Position Statement

Subject: AGAINST HB 2714 AND SB 1114 RELATING TO THE VIRGINIA ANTI-DRUG SWITCHING LEGISLATION PATIENT PROTECTION ACT

While written with the best intentions, the legislation currently under consideration by the General Assembly is misdirected. It will interfere with the ability of licensed health care professionals-including physicians, pharmacists, and nurses-to determine which drug agents should be prescribed in the best interests of the patient-consumer.

The legislation would essentially restrict therapeutic equivalency interchange programs (substitution of one medication with another one from the same drug class and having the same pharmacologic actions, producing the same therapeutic outcomes, and having the same acceptable level of risk) and inhibit prescribing practices and the use of formularies.
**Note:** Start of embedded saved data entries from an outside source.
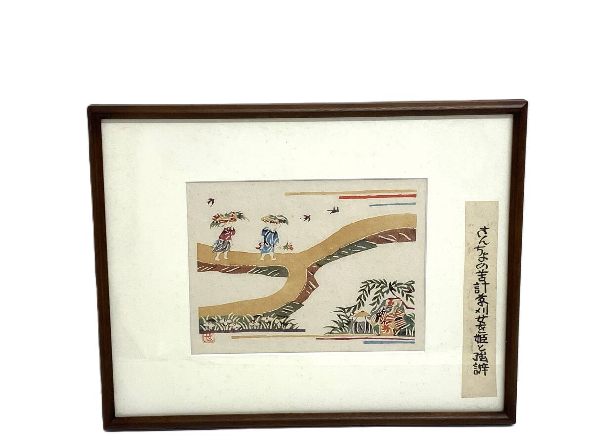 - ◆305 真作保障 芹澤銈介 版画「さんちょの苦汁草刈女を嫗と強辨」額装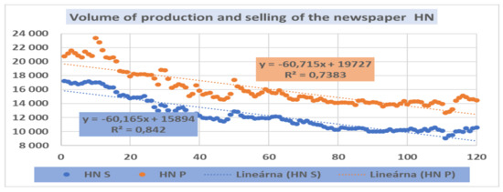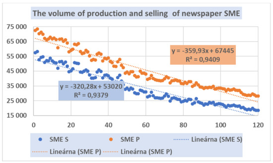 The last monitored journal was the SME. Figure 6 shows the strong decreasing trend in its volumes of printed and sold newspapers, with relatively low variability. Its regression functions for printing and selling volumes were as follows: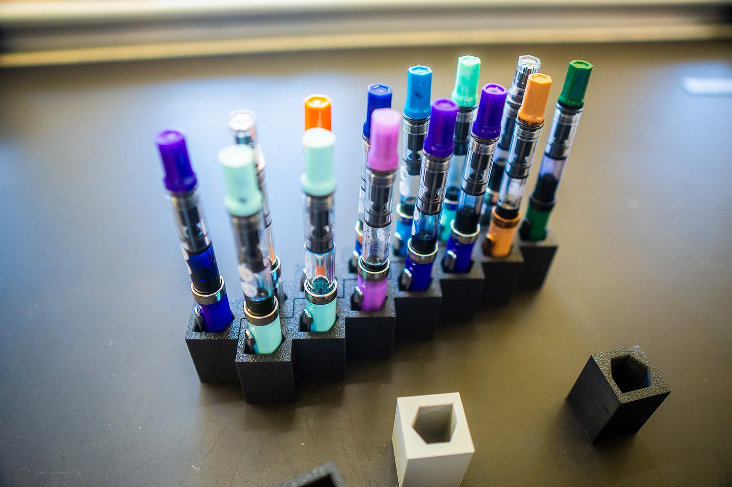 Well, apparently a side project of mine is making pen holders. Because I always have a lot of pens kicking around, and the most efficient way of keeping them ready to go while taking up minimal space is to store the vertically. Here’s some I made to hold TWSBI Eco pens.
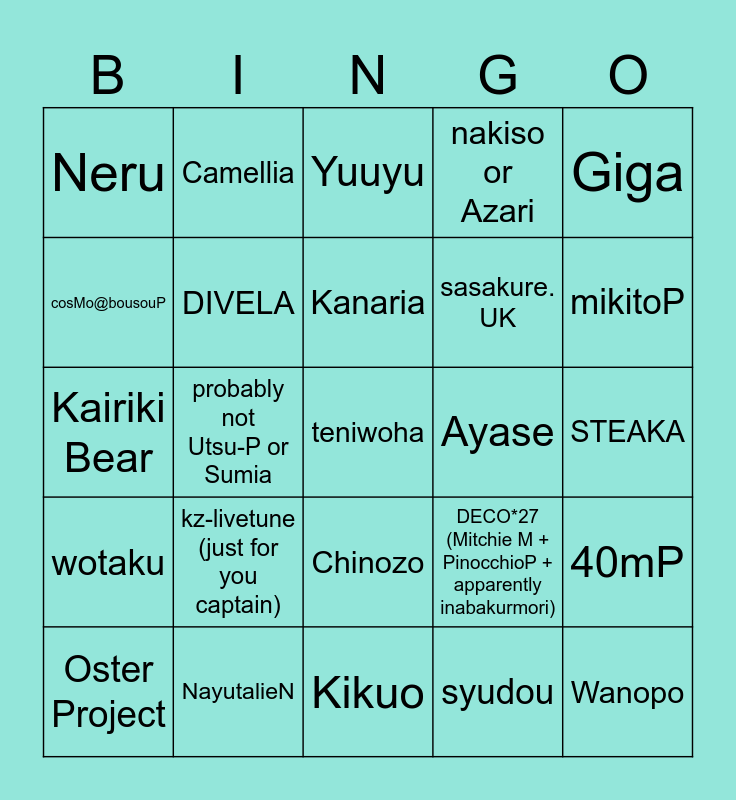 This bingo card has 25 words: kz-livetune (just for you captain), Kikuo, Kanaria, Oster Project, Giga, Neru, cosMo@bousouP, Camellia, Ayase, Chinozo, sasakure. UK, Kairiki Bear, DECO*27 (Mitchie M + PinocchioP + apparently inabakurmori), 40mP, DIVELA, Wanopo, STEAKA, Yuuyu, mikitoP, probably not Utsu-P or Sumia, teniwoha, NayutalieN, wotaku, nakiso or Azari and syudou.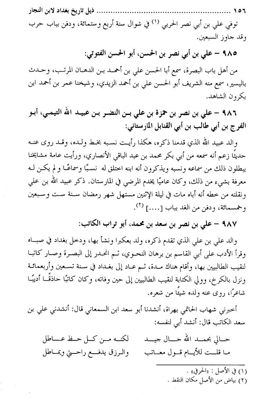 987- علي بن نصر بن سعد بن محمد، أبو تراب الكاتب: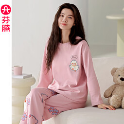 芬騰新款女士純棉春秋季長袖睡衣套裝少女可愛休閑大碼全棉家居服 FX25931705粉色 M 建議:80-105斤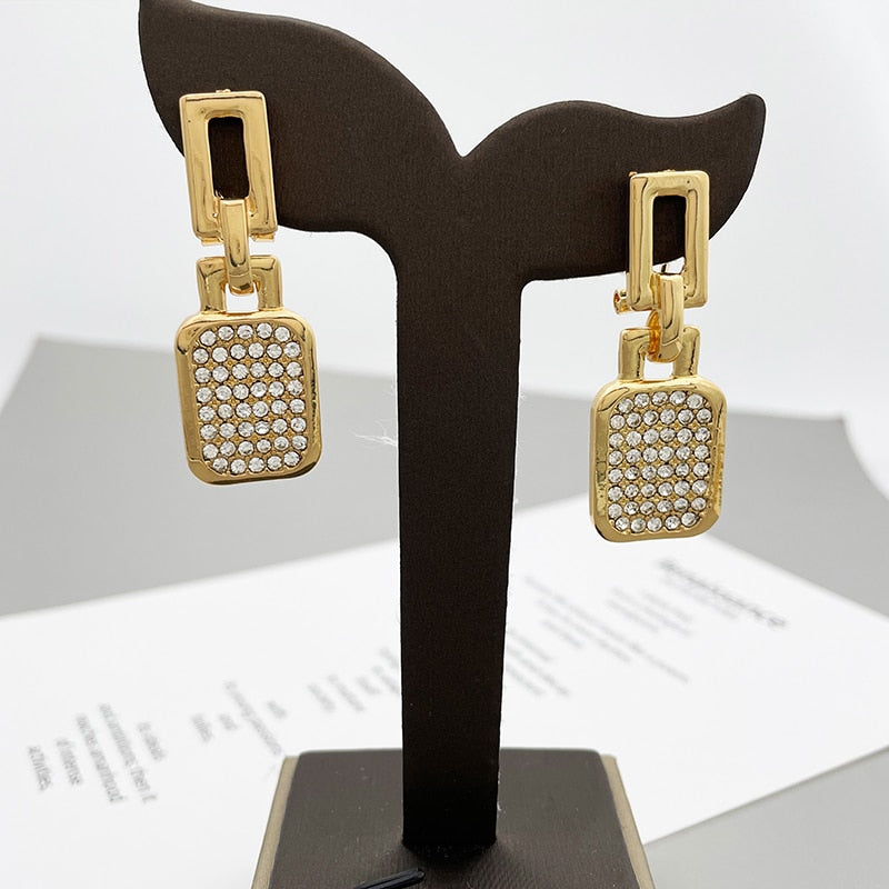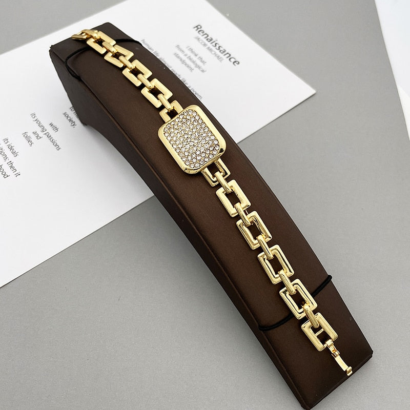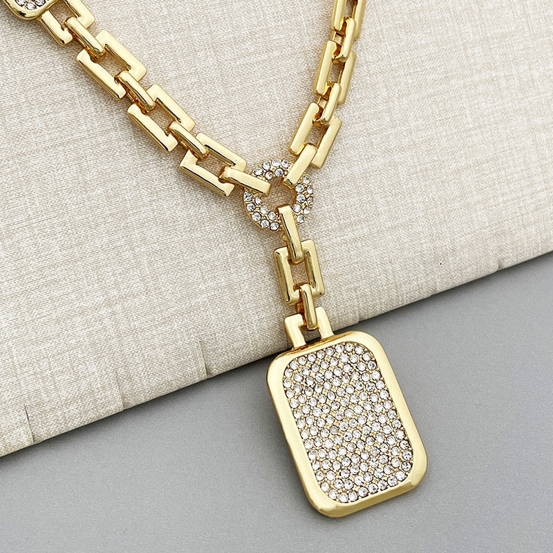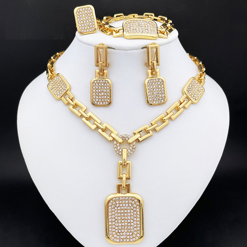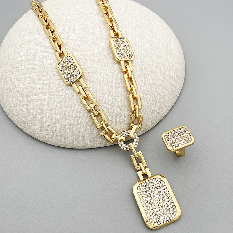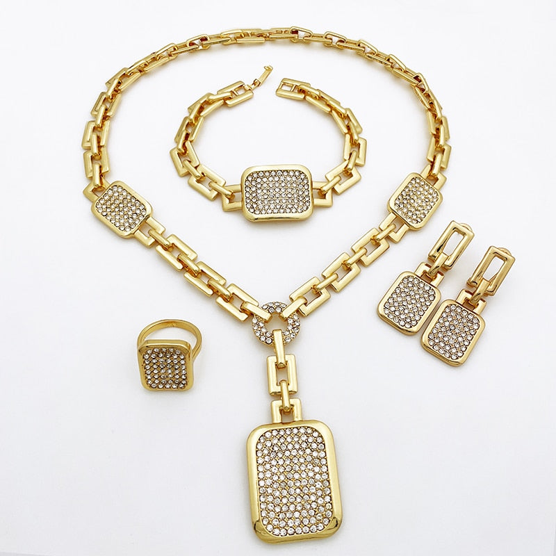 Gold Plated Fine Jewelry Set African Women Pendant Necklace Square Earrings Big Bracelet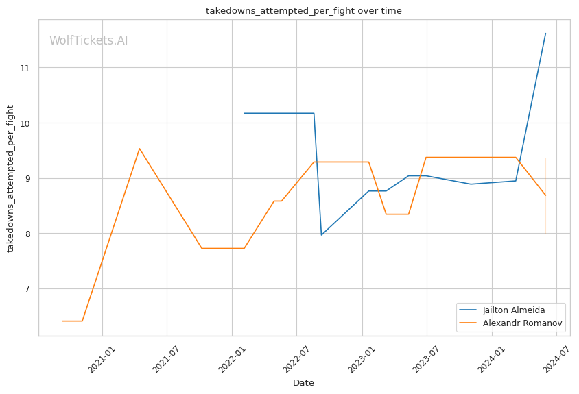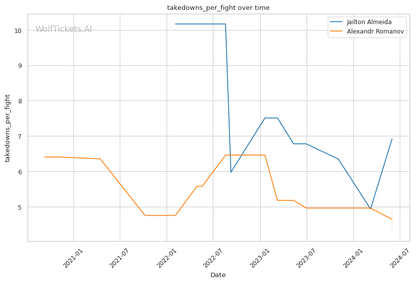 While a skilled grappler in his own right with 0.86 submission wins per UFC fight and 4.32 takedowns landed per fight, Romanov absorbs 2.05 significant strikes per minute, compared to just 1.08 for Almeida, making him more hittable in striking exchanges.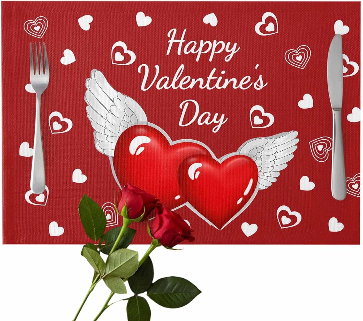 Valentine Placemats Set for Valentine's Day Holiday Dining Table DecorđSpecificationMaterial: Mixed Polyester Cotton Linen-high quality durable materialSize:Table placemats set of 4 & Table placemats set of 6 13x19 InchđExcellent QualityMade of high quality polyester, soft, wrinkle-proof and heat resistantăPerfect to protect the tabletop from food stains, and scratches.đExquisite workmanshipExquisite Pattern & detail, full of romantic atmosphere.đBright Table DecorGreet your guests with delicious foods and warm tabletop decor.Add flair to your dining table with our unique design placemats.đVarious OccasionThese Valentine's day placemats are perfect for home kitchen dining room table centerpieces and seasonal decorations. And also suit for the living room, bedroom, shabby chic, farmhouse, rustic, barn, woodland, vint table. Good for everyday use, garden, parties, anniversary, wedding, holidays etc.đAdd a Valentines atmosphere to your home!Love heart placemats combine chic colors, making this setting elegant and high-quality. Easy to match your holiday table decoration, add a romantic atmosphere to your home.đWarm Notice1. Do not bleach, machine washed; Tumble or line dry; light iron.2. Due to monitor differences, the actual color may vary slightly from what appears on your monitor's display.

This consequently will result in higher drug costs in health systems. At the same time, it will expose patients to ineffective drugs and ones with excessive side effects.

Additionally, VSHP has responded to an editorial supporting the bill that was published in the Richmond Times-Dispatch on January 17. The Society believes the article was misleading and irresponsible in its depiction and misrepresentation of therapeutic interchange and the drug-product selection process undertaken by health systems.

Key Points about Drug-Product Selection: In talking with your Delegate, emphasize some or all of these advantages to sound drug-product selection processes within organized health care systems:

  1. Therapeutic interchange seeks to improve patient outcomes with the cost-effective use of drug therapy. Generic substitutions and therapeutic interchange are acceptable components in providing quality patient care while containing costs.
  2. Therapeutic interchange is a collaborative approach, undertaken prior to prescribing, through which interdisciplinary teams that include medical, nursing, and pharmacy staffs, review available drugs-with respect to efficacy, safety, quality of life, and cost-and approve those with therapeutically equivalent effects.
  3. Quality of care is the first priority and holds the greatest concern in establishing a well-managed and fully analyzed formulary and/or drug-substitution program in health systems.
  4. Within this process, drugs are not arbitrarily or randomly "switched" for financial gain. Approvals for therapeutic interchange are established through a comprehensive review of medical literature.
  5. Four primary factors are considered when assessing drugs under consideration, prioritized as follows:
  6. A consumer advocacy "safety net" already exists for programs that are not well-conceived or do not serve the patients' best interests. Accrediting agencies and state boards of pharmacy and medicine have within their respective jurisdictions the authority to take action, thus providing a system of checks and balances.
  7. Therapeutic interchange requires physician approval, which protects the patient. Prescribers retain the right to require a specific medication for a specific patient, and always have the prerogative or option to override a therapeutic interchange.
  8. Monitoring of patient outcomes against industry-, governmental-, and medical staff-approved practice guidelines reinforces that this approach to disease management has and continues to improve patient outcomes while reducing costs.